Ansonsten ist Verlagsbranche relativ offen in dem Sinne, dass man auf unterschiedlichste Arten und Wege dort hinkommen kann. Dem Volontariat im Verlag geht meistens ein Bachelorstudium voraus, es gibt aber natürlich auch Ausbildungen wie die zur Medienkauffrau oder zum Medienkaufmann, die man ebenfalls in einem Verlag absolvieren kann. Dies ist insbesondere dann empfehlenswert, wenn man vielleicht noch gar nicht so richtig weiß, in welcher Abteilung man gerne arbeiten möchte.

Außerdem würde ich sagen: auch mutig sein, sich initiativ zu bewerben! Am wichtigsten ist es einfach, kommunikativ und offen zu sein und Interesse an den Themen mitzubringen, die der Verlag herausgibt, der Rest ist dann wie in vielen anderen Berufen auch „learning by doing“. 
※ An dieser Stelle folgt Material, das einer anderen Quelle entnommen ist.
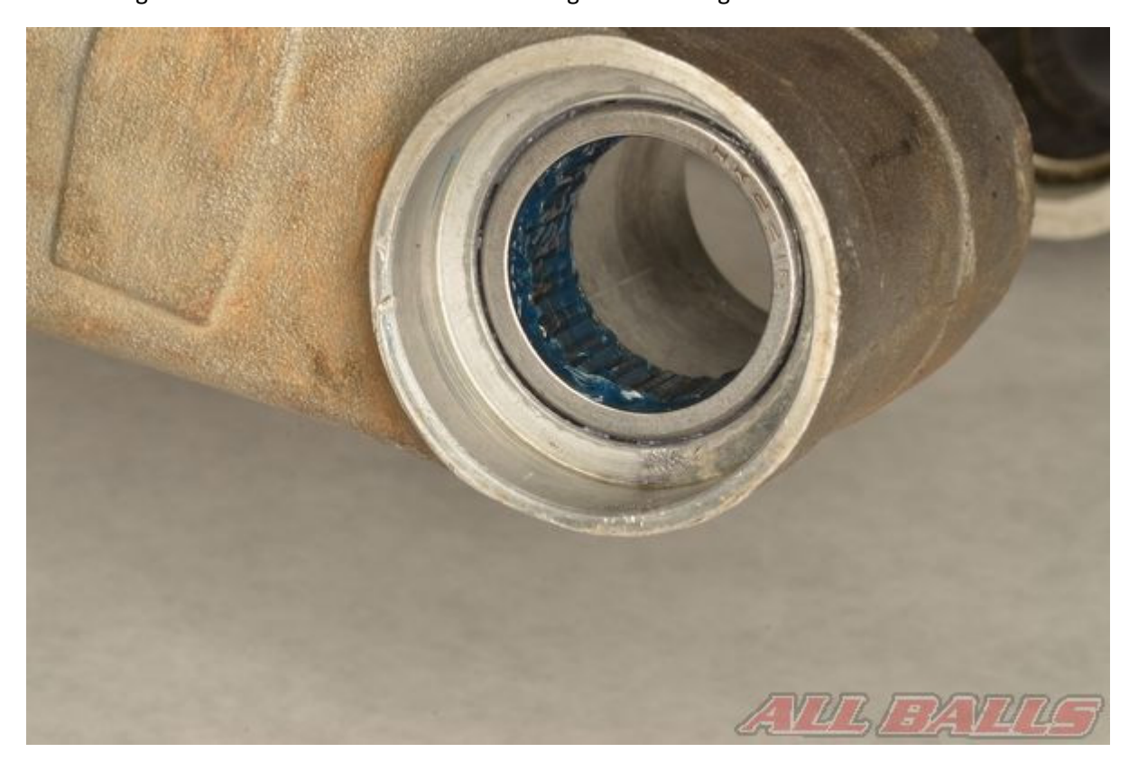
Make sure the bearings are properly greased.

Position the bearings at the proper depth inside the swingarm. In the case of our example, a 2010 Yamaha YZ450F, the outer bearings are required to flush with the outer edge of the bore, and the inner bearings should be 6.5 mm below the inner edge of the swingarm.

Abschließend kann ich aber auch versichern, dass Verlage nicht nur für Leseratten, sondern auch für alle anderen ein spannender Arbeitgeber sind. Es gibt zahlreiche Verlage die sich mit ganz unterschiedlichen Themen beschäftigen. So haben sich die einen auf Kochbücher spezialisiert, andere wiederum auf Finanzratgeber, und und und… Man muss also nicht immer ein Bücherwurm sein, um in der Verlagsbranche Fuß zu fassen. Solange man sich inhaltlich für die Themen des Verlages begeistert und sich ein zumindest für das Buch als Medium an sich interessiert, ist das Verlagswesen ein Arbeitgeber, den jeder und jede definitiv in Betracht ziehen kann!